◆ Description of the task ◆
From the data below, set down exactly the lines between the one holding "Sen. Patty Murray" and the one holding "Giving tours of", inclusive, and no others.

◆ Record extracts ◆

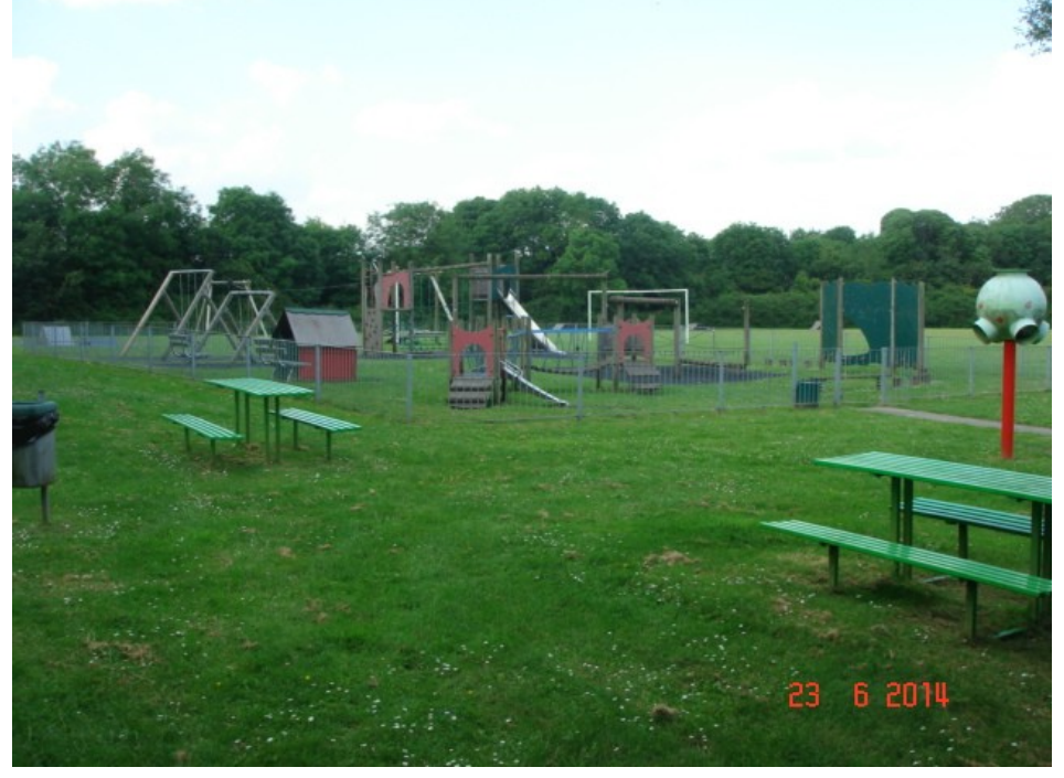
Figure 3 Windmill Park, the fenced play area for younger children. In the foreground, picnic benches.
---
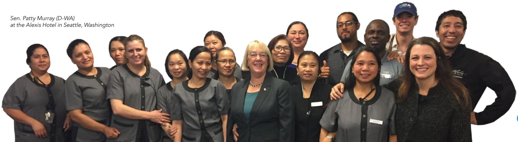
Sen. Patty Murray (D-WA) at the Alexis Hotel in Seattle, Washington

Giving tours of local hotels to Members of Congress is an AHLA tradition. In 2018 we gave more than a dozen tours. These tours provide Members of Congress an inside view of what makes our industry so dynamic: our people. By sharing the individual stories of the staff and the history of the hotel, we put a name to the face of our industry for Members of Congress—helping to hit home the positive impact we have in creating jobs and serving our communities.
==
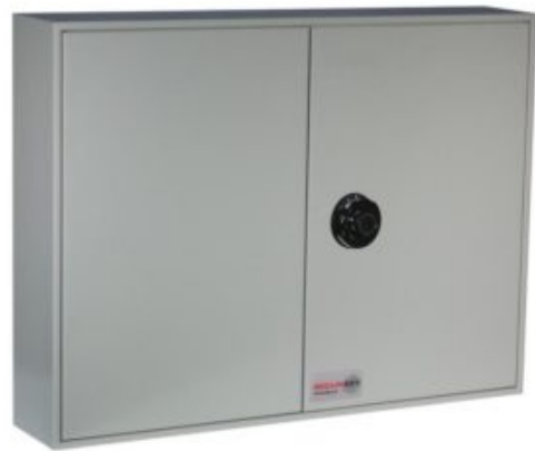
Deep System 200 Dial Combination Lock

◆ Response to this exercise ◆
Sen. Patty Murray (D-WA) at the Alexis Hotel in Seattle, Washington

Giving tours of local hotels to Members of Congress is an AHLA tradition. In 2018 we gave more than a dozen tours. These tours provide Members of Congress an inside view of what makes our industry so dynamic: our people. By sharing the individual stories of the staff and the history of the hotel, we put a name to the face of our industry for Members of Congress—helping to hit home the positive impact we have in creating jobs and serving our communities.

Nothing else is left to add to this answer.